Towards an algebraic understanding of jet bundles: $R/\mathfrak{m}^r \cong \bigoplus^r_{j=0}\text{Symm}^j(\mathfrak{m}/\mathfrak{m}^2)$?

Question

Let $R$ be a commutative ring and $\mathfrak{m}_p$ a maximal ideal. Does the following isomorphism hold?

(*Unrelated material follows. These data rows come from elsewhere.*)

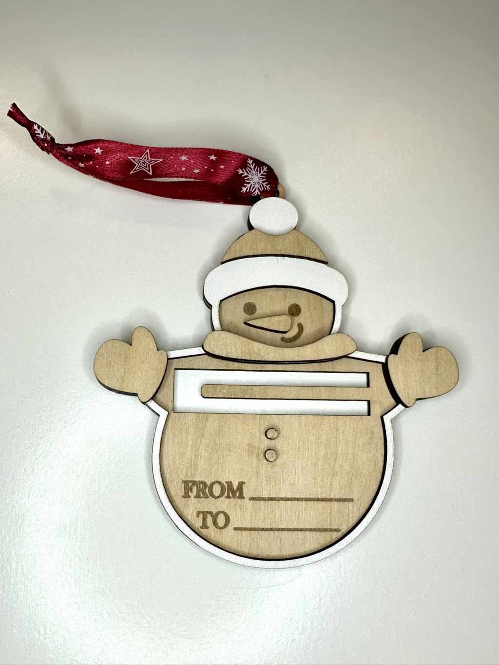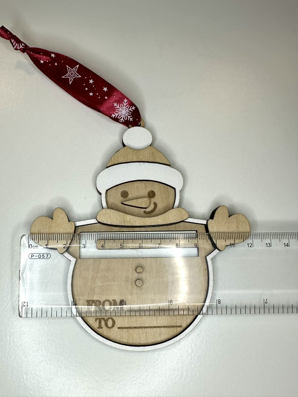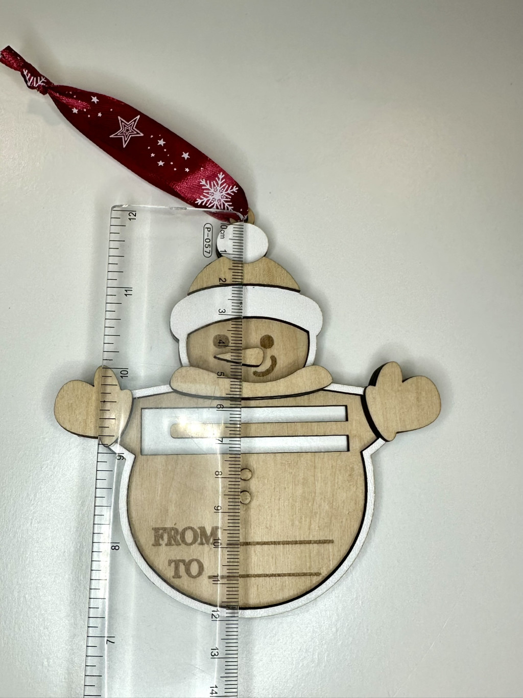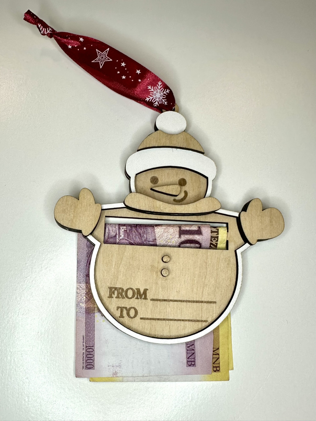A Hóember Ajándékozó egy különleges, lézervágott fa karácsonyi dísz, amely nemcsak dekoráció, hanem egy ötletes ajándékozási megoldás is. A hátoldalán kialakított zseb tökéletesen elrejti a pénzt, ajándékkártyát vagy kedves üzenetet, így a meglepetés átadása igazán egyedi élmény lesz.
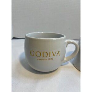 Set of 2 Godiva Belgium 1926 White and Gold Coffee Mugs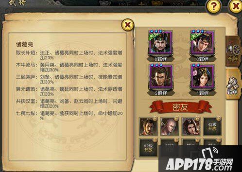 2、在场上的武将和密友相互指南都可以形成羁绊。把等级没有强化的武将放到密友里面去吧,然后开启条件也需要不同的等级。
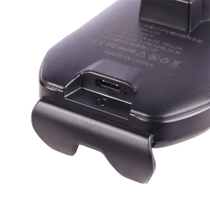 پایه نگهدارنده و شارژر بی سیم ریمکس مدل RM-C61 محصولی از کمپانی ریمکس است. این محصول موفق به کسب استاندارد های سلامت و ایمنی محصولات شامل CE / FCC / RoHS شده است. در این هولدر استحکام بیشتر از طریق ایجاد حالت مکش با استفاده از اهرم کوچک تعبیه شده در قسمت پایه و مناسب برای گوشی های 4٫7 الی 6٫7 اینچ ایجاد شده است. این محصول مجهز به تکنولوژی شارژ وایرلس مناسب برای گوشی های با امکان پشتیبانی از فناوری Qi با میزان توان خروجی متغیر و برابر با 5 / 7٫5 / 10 / 15 وات است. در این محصول تامین انرژی شارژر وایرلس از طریق اتصال پورت Type-C تعبیه شده بر روی بدنه به درگاه USB خودرو، دارای کلید لمسی جهت باز کردن بازوی گیره براکت شده است. امکان نصب روی دریچه کولر خودرو، تعبیه فضای خالی برای درگاه شارژ گوشی جهت شارژ هنگام رانندگی، مقاوم در برابر لغزش و کشسان در هنگام رانندگی را دارد. در این محصول بدنه ساخته شده از جنس پلاستیک ABS و PC مقاوم در برابر ضربه، فشار و ضربه های ناگهانی با قابلیت چرخش 360 درجه جهت تنظیم زاویه مناسب برای صفحه نمایش موبایل است.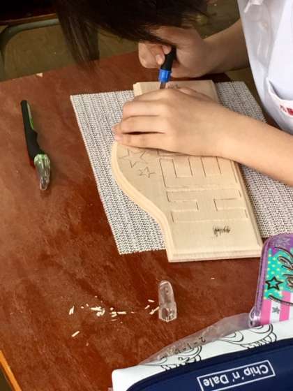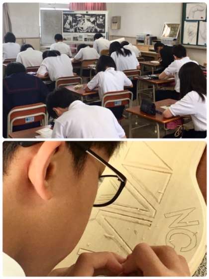 昨日、学校協議会で運営の計画が承認されました。運営に関する計画で美術科の授業の工夫改善の項で、道具を使用して誤って怪我をする生徒数0とありました。彫刻刀を使う授業でも、刃先のコントロールの指導を徹底したり、作品がズレないように滑り止めシートを使ったり、心地よい緊張感で油断をさせなかったり工夫の様子が見取れました。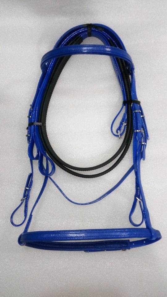 Bridon d'équitation en cuir PVC de haute qualité avec ferrures argentées, bleu, personnalisable, confortable, international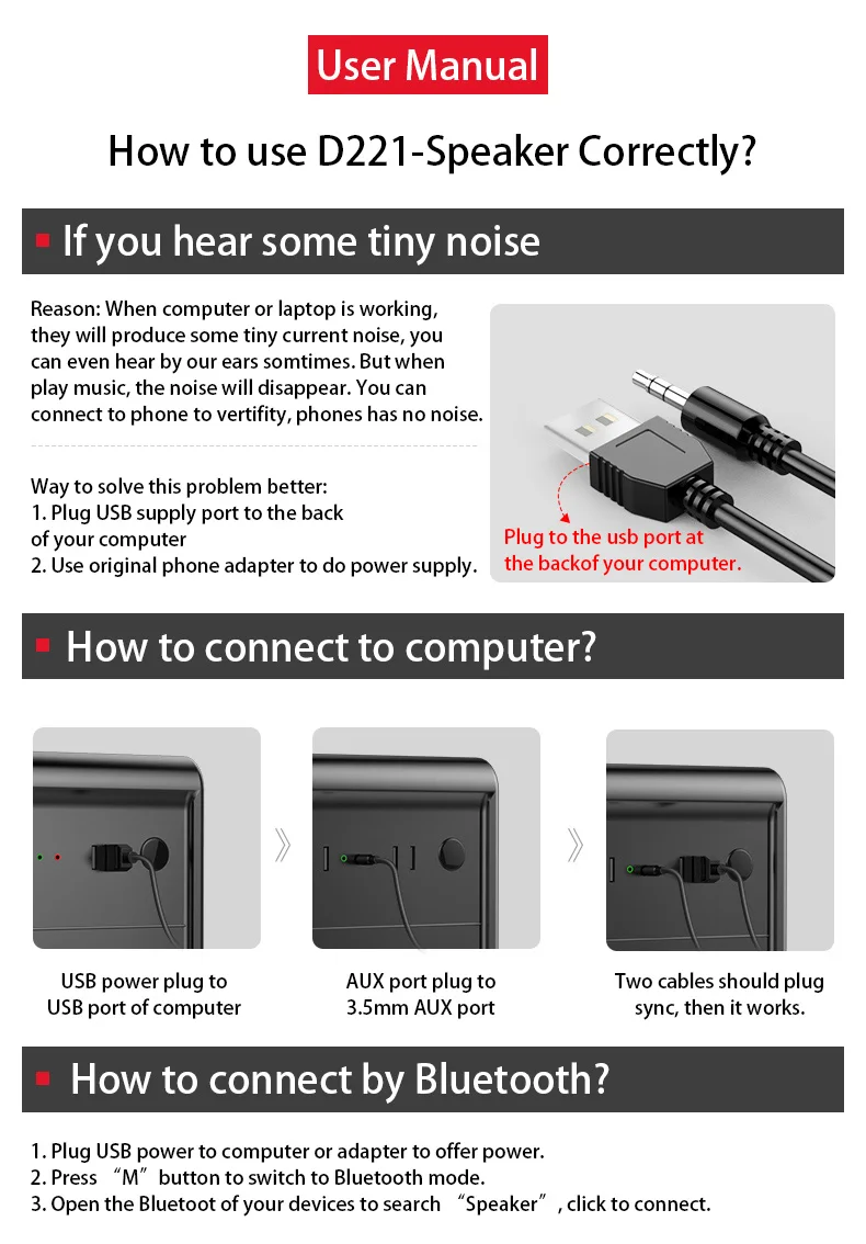 1. Plug USB cable for supply (We recommend to plug to USB 3.0 port to avoid noise caused by unstable power supply)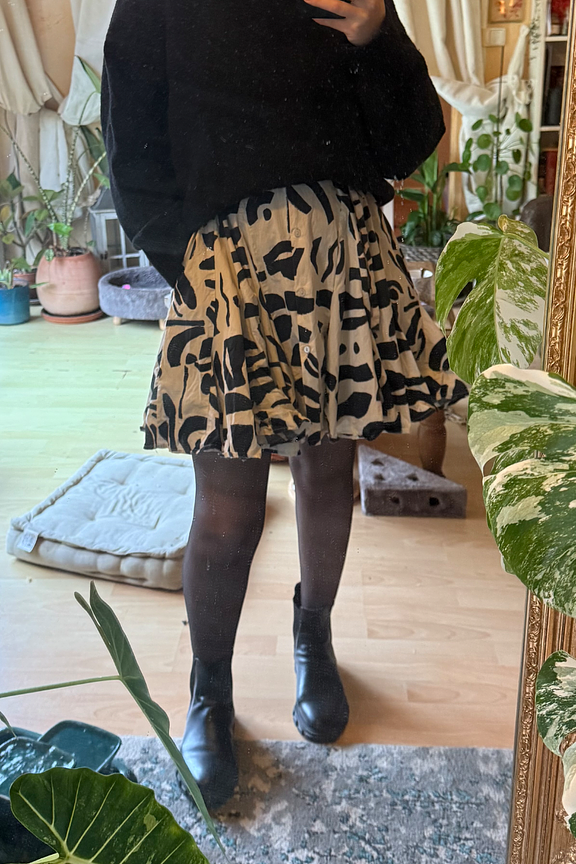 “Taille petit, mais tout de même très sympas. J’ouvre plus de bouton à la poitrine et met un petit top en dessous, pas fan des manche courte mais je la porte avec un pull et la c’est le top. Le plus ses poches !”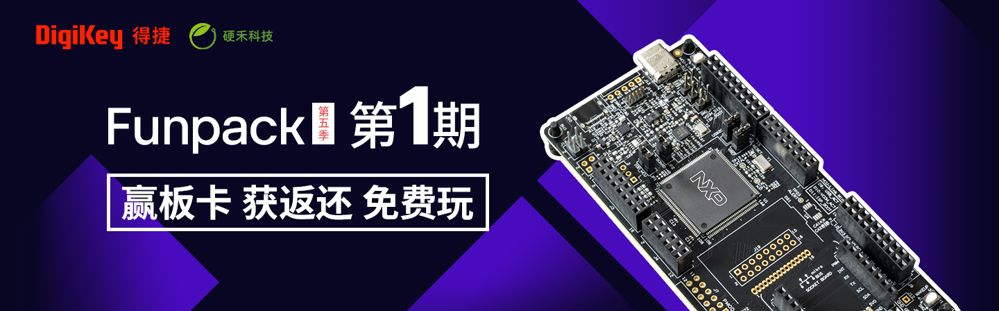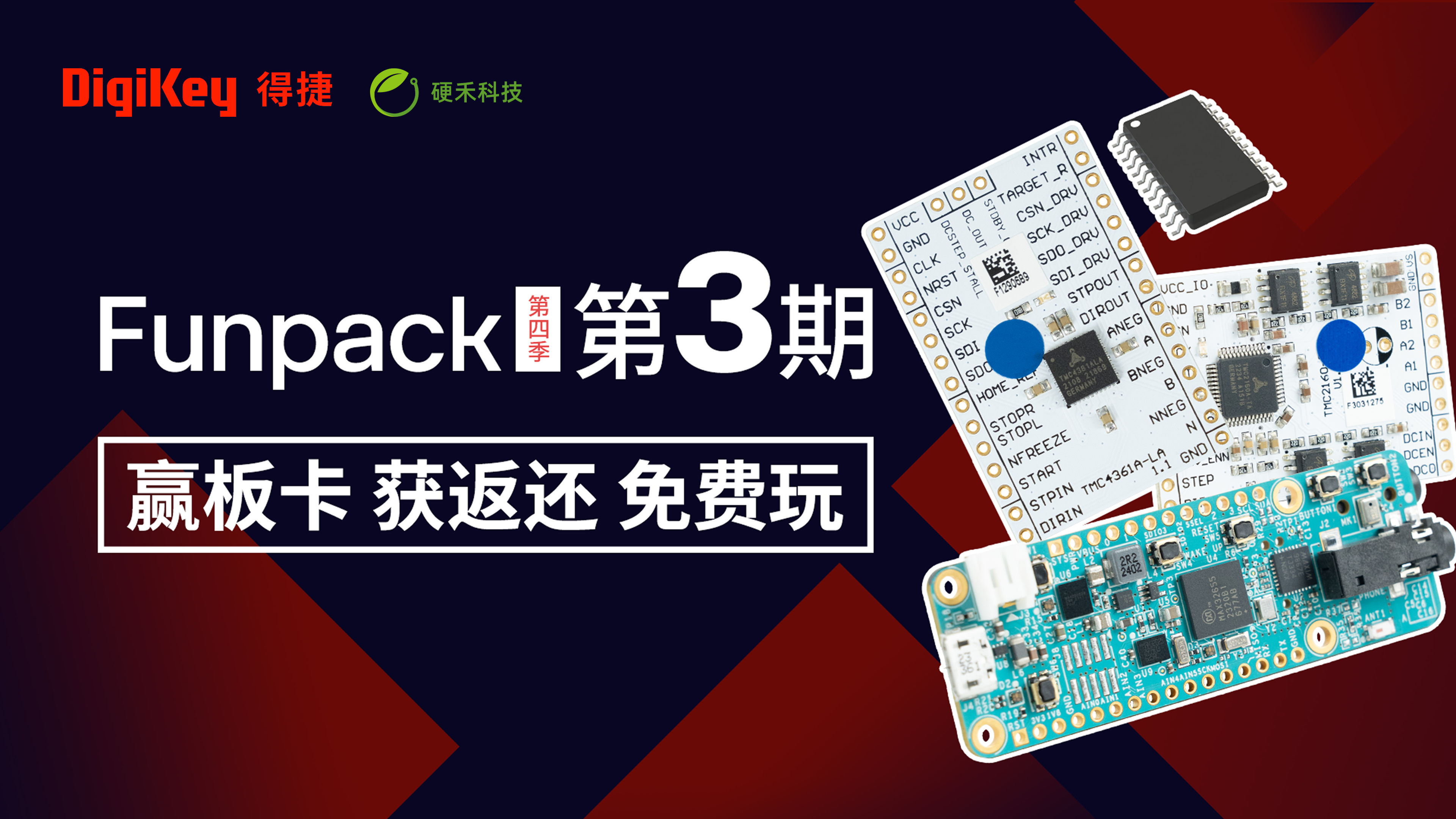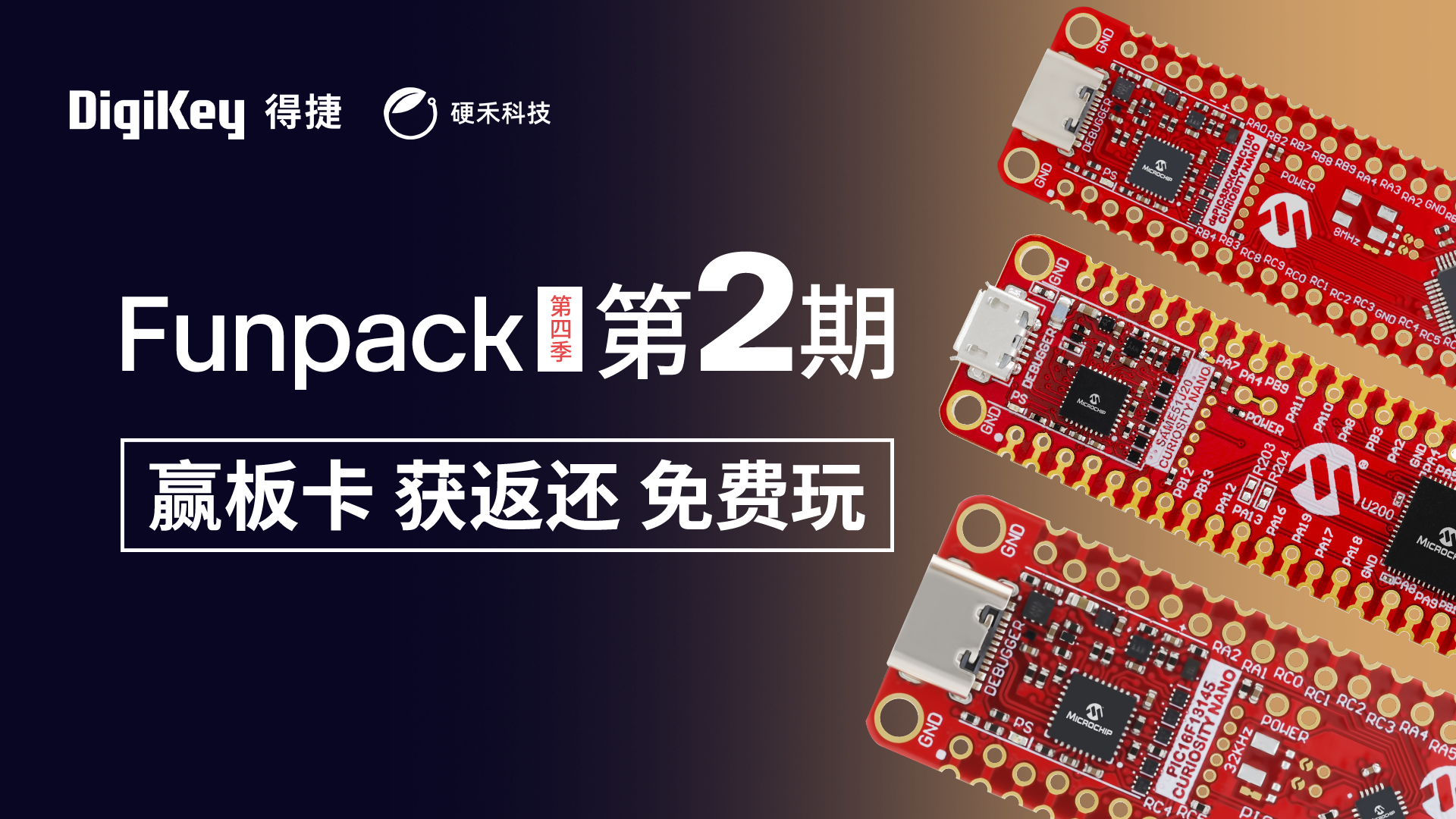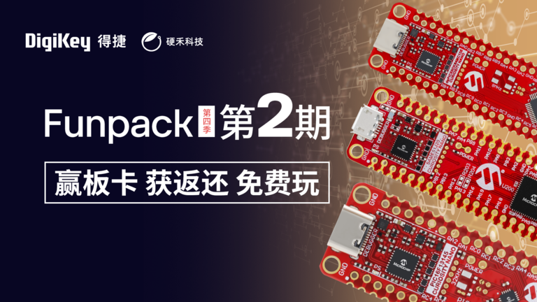 Funpack活动是硬禾科技联合DigiKey发起的“玩成功就全额退”活动。当前已进展到第五季,第五季共6期,每期会推出一款全球知名半导体厂商的开发板/仪器套件,参与者需通过“得捷购”购买活动板卡,并在规定时间内完成指定任务提交项目,即可获得购板返还。本季起新增优秀项目奖励,最高可再得500元,且优秀项目需将项目发帖在DigiKey论坛。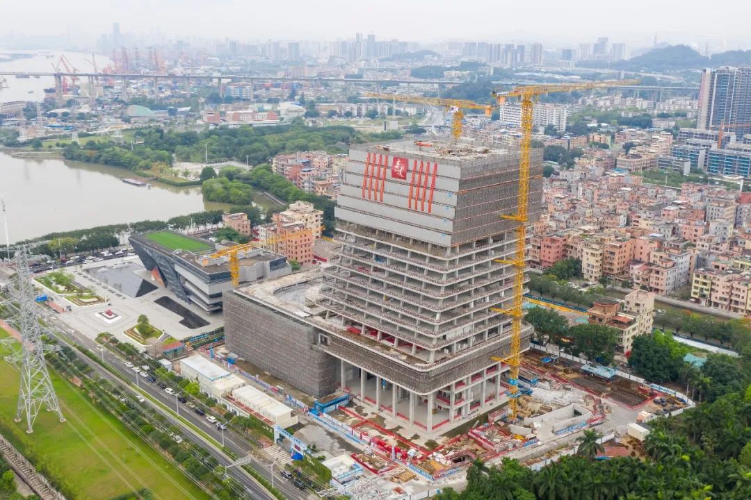 5月8日,廣州外貿(mào)博物館暨文化總部中心項(xiàng)目舉行封頂儀式。 廣州市黃埔區(qū)穗東街道黨工委書記田農(nóng),廣州高新區(qū)投資集團(tuán)有限公司副總經(jīng)理邱曉鋒,高新區(qū)投資控股有限公司董事長楊高歡,廣州海事博物館館長王芳,中建八局一公司華南公司黨總支書記、總經(jīng)理高亮及各參建單位相關(guān)負(fù)責(zé)人參加儀式。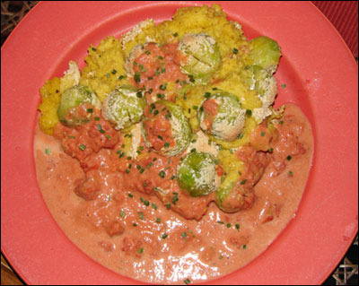 Heute für das Rosenkohl-Polenta-Gratin (456 kcal) - ich kann kaum mehr papp sagen, so satt bin ich - nur gut, dass ich beim Schreiben nicht sprechen muß :-)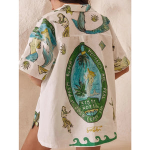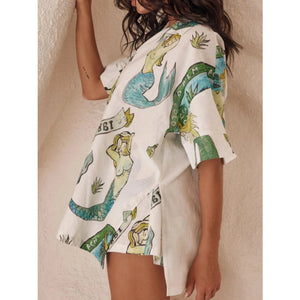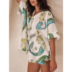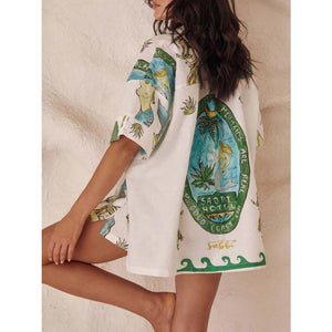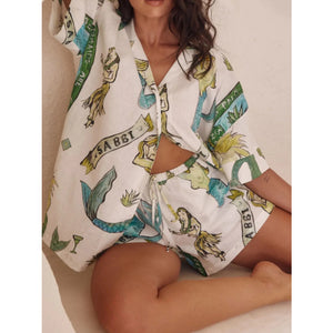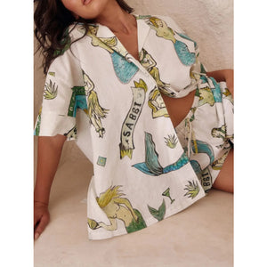 Printed Button Up Shirt and Shorts Set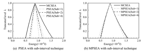 Uncertainties to varying degrees often exist in the analysis and design problems of vibro-acoustic systems. This paper investigates the high-frequency vibro-acoustic analysis problem with large levels of fuzzy parameters. By employing the level-cut strategy, the energy balance equations with fuzzy parameters are firstly transformed into the interval forms. Then, by combining the perturbation method, the ShermanMorrison-Woodbury formula, and the statistical energy analysis, a modified perturbation statistical energy analysis (MPSEA) is proposed to predict the uncertainty propagation of the energy flow in vibroacoustic systems with fuzzy parameters. Further, the sub-interval technique is introduced in MPSEA to improve its accuracy for the systems with large levels of fuzzy parameters. Numerical simulations of a plate-cavity system and a launcher fairing model with fuzzy parameters are presented to demonstrate the efficiency and accuracy of proposed method. Results indicate that the proposed MPSEA with a suitable number of sub-intervals is capable of predicting the energy flow in vibro-acoustic system with large fuzzy parameter accurately and efficiently.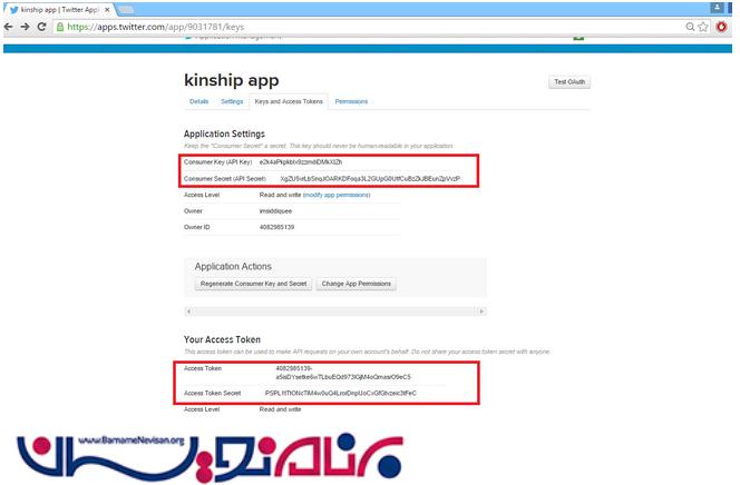 در ادامه به زبانه(تب) " Keys and Access Tokens " رفته و بر روی دکمه Create token کلیک کنید و Access Token و Access Token Secret را دریافت کنید. توجه داشته باشید که API Key و API Secret زمانی مورد نیاز است که احراز هویت در برنامه ASP.NET MVC شما فعال شده باشد: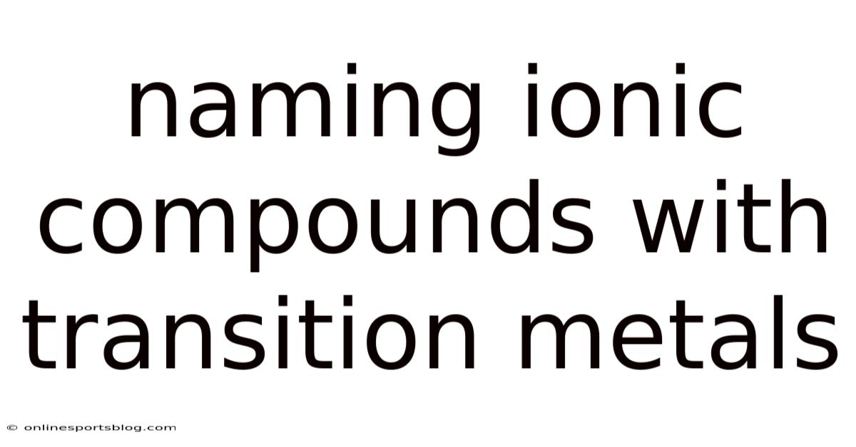 Naming ionic compounds that contain transition metals can feel like solving a puzzle, but once you understand the rules, the process becomes systematic and even enjoyable. Because of that, , Fe²⁺ and Fe³⁺). This article walks you through the step‑by‑step method for naming these compounds, explains the underlying chemistry, and answers common questions that students and hobby chemists frequently encounter. Because the charge of the metal ion directly influences the overall neutrality of the compound, the name must clearly indicate which oxidation state is present. Transition metals often exhibit multiple oxidation states, which means the same metal can form different ions (e.g.By the end, you’ll be able to name any simple ionic compound with a transition metal confidently and correctly.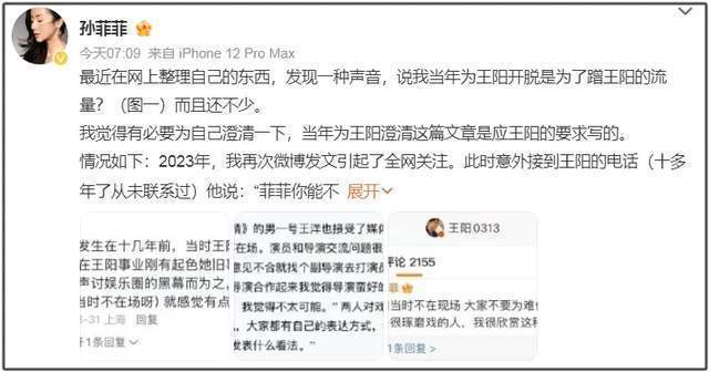 孙菲菲表示2023年发布殴打经历获全网关注,十多年没联系的王阳主动联系她寻求帮助,表示自己因为孙菲菲被骂,孙菲菲则答应替他说话,而那些内容也都是按照王阳方面要求写的。

$$R/\mathfrak{m}_p^{r+1}\cong \bigoplus^r_{j=0}\text{Symm}^j(\mathfrak{m}_p/\mathfrak{m}_p^2)$$

Plugging in $R=C^\infty(M)$ and $\mathfrak{m}_p= \{f:M \to \mathbb{C}: f(p)=0 \}$ we get the familiar identity:

$$C^\infty(M)/\mathfrak{m}_p^{r+1} \cong \bigoplus^r_{j=0} \text{Symm}^j(T_p^*M)$$

1. Does the first identity holds generally?

2. Is the $r$-th order jet bundle nothing but the $r$-th order symmetric algebra bundle on the cotangent bundle $J^r(M) \cong \bigoplus^r_{j=0} S^j(T^*M)$?

Answer 1

1. No. Take $R = \mathbb{Z}, m = (2), r = 1$.

2. I think the answer is "yes, but not naturally." That is, for a particular $M$, I think it's true that we have the desired isomorphism of vector bundles, but I also think this isomorphism cannot be made natural in $M$. The RHS is something like the associated graded of the LHS, so I think both sides have algebra structures that might differ.